The aim of the MathKinD project is twofold. Its first axis of research aim at providing a general mathematical method to infer kin distributions by stage/age/size, from any demographic model, by applying genealogical Markov chains methodology to Multitrait Population Projection Matrix (MPPM, Coste et al. 2017). The second axis of MathKinD is to implement close-kin demographic interactions (as for instance bi-parental care, grandparental care or siblings’ cooperation/competition) into MPPMs. With these models in hand, we will be able to disentangle the socio-demographic forces at stake in the coevolution of sociality with the peculiar LHT of our species, under different biological, environmental and cultural scenarios. We will also examine the reciprocal changes in kinship and demography of past transitioning societies (e.g., Neolithic), as well as enhance the demographic forecasting of contemporary populations that, whilst differing in their kinship systems, are all affected (and sometimes threatened) by ever increasing environmental perturbations.
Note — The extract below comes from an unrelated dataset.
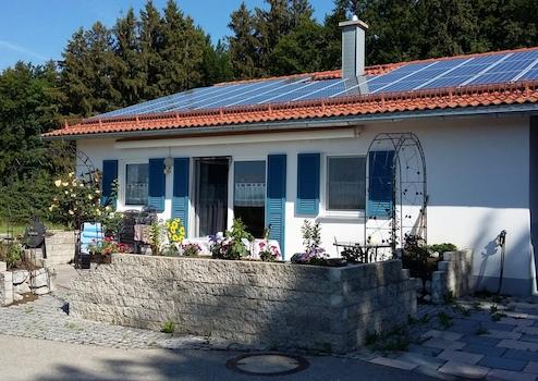 Einfamilienhaus/Bungalow mit gewerbl. Anbau und viel Land direkt am Haus zu verkaufen (Übernahme ab 15.01.2026); Alleinlage, Außenbereich, Bergblick, Baujahr 2005, 100 qm Wohnfl., 25 qm offene Galerie, 150 qm Gewerbehalle mit Belüftungssystem, Büro, WC, kleine Werkstatt, alles gefliest, Bad mit Wanne, Gäste-WC, Kunden-WC, 2 Schlafzimmer, moderne Einbauküche von 2019, großer moderner Wohn-Eßbereich mit Sichtdachstuhl, 2 Terrassen, 150 qm überdachte Freiflächen, 3500 qm eingezäunte Freifläche, 25 qm Stadel, 6000 qm Wiese am Haus nicht eingezäunt, Fußbodenheizung im ganzen Anwesen, PV-Anlage 10,5 kW, biologische Kläranlage mit Versickerbecken, Doppelgarage. Aktuell betreibe ich eine etablierte Hundepension. Bei Interesse könnte meine HP + Stammkunden übernommen werden. Durch die Lage im Außenbereich gibt es gewisse Nutzungseinschränkungen. Unter gewissen Voraussetzungen sind folgende Nutzungsmöglichkeiten denkbar: gewerbliche Tierhaltung, Imker, Tierzucht, Hundepension, Hundeerziehungscamp, Alpakazucht, u.U. Baumschule. Evtl. kann man noch weitere Flächen pachten/kaufen.
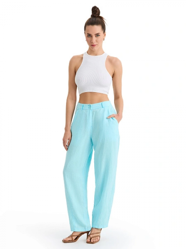 Брюки женские с карманами серии LINEN, цвет тиффани

2008 – Lecturer of the National Museum of Natural History, Paris, France
2005-2008 Postdoctoral fellow, Evolutionary Demography Team, Max Planck Institute for Demographic Research, Rostock, Germany
2000-2004 Ph.D thesis in Human Ecology and Demography, Musée de l’Homme, Paris, France. Subject : « Investissement maternel et survie de l’enfant:approche démographique, génétique et évolutive » (supervisor : Pr. E. Heyer).
Rewarded by the “Prix Bertillon de la Société d’Anthropologie de Paris”, 2004).
1999 – 2000 Master’s Degree in Human Population Demography and Biology. Museum National d’Histoire Naturelle, Paris, France. Subject : « Study of selective pressures on BRCA1 breast cancer susceptibility gene » (supervisor : Pr. E. Heyer).
1998 – 1999 Bachelor’s Honours in Cellular Biology and Biochemistry, University of Sciences, Angers, France. Internship in epidemiology- Genetics, Center of Cancerology, Paul Papin, Angers, France. Subject : « Determination of an optimal strategy to detect BRCA1 mutations by analyzing familial breast and ovarian cancer profiles » (supervisor : Dr A. Daver).